The general rule of thumb is that if more the 1.5 is the ratio, beta is the preferred mode of decay. If less than 1.5 is the ratio, heavy elements will decay by alpha mode while lighter elements will decay by postiron. If the ratio is more the 1.5, the preferred mode of decay is beta. If the ratio is less than 1.5, then heavy elements will begin to decay by alpha mode and lighter elements by postiron.
a) Mo-109
Mass no. 109
Number of Atopmics: 42
Number of neutrons (n), (109-42) =67; No protons (p), 42
n/p = 67/42 = 1.59
When the / p ratio is high then beta decay will be preferred mode of decay.
b) Fr- 202
Mass no. 202
Atomic number: 87
Number of neutrons (n), (202-87) =115; Number of protons (p), 87
n/p = 115/87 = 1.32
When the / p-ratio is more, then positron decomposition is in mode.
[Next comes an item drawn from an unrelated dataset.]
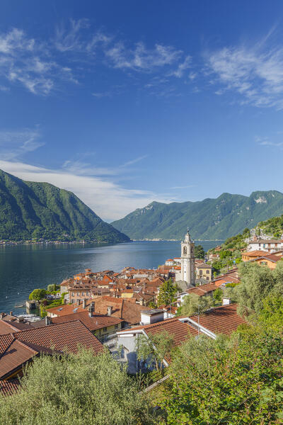 A view of Sala Comacina town and lake Como from "Greenway del Lago di Como" path, Como province, Lombardy, Italy, Europe

This element is heavy and will prefer alpha decay.
c) Rn- 196
Mass no. 196
Atomic number: 86
No of neutrons, (n) = (196-86), 110; No protons (p), 86
n/p = 110/86 = 1.27
When the / ratio is more, and it’s a heavy element, it will prefer alpha decay mode. Some of them may also undergo positron decay.
d) SB – 132
Mass no. 132
Atomic number 51
No of neutrons, (n) = (132-51) = 881; No protons (p),: 51
n/p = 81/51 = 1.58
The / ratio is high. The preferred mode of decay for this is beta decay.
e) P – 27
Mass no. 27
Atomic number: 15
Number of neutrons (n), (27-15) = 12, No of protons, (p): 15.
n/p = 12/15 = 0.8
When the / ratio is more, the decay mode is positron decay.
f) Ru 90
Mass no. 90
Atomic number 44
Number of neutrons (n), (90-44) = 46. No protons (p), 44
n/p = 46/44 = 1.04
When the / ratio is more, the decay mode is positron decay.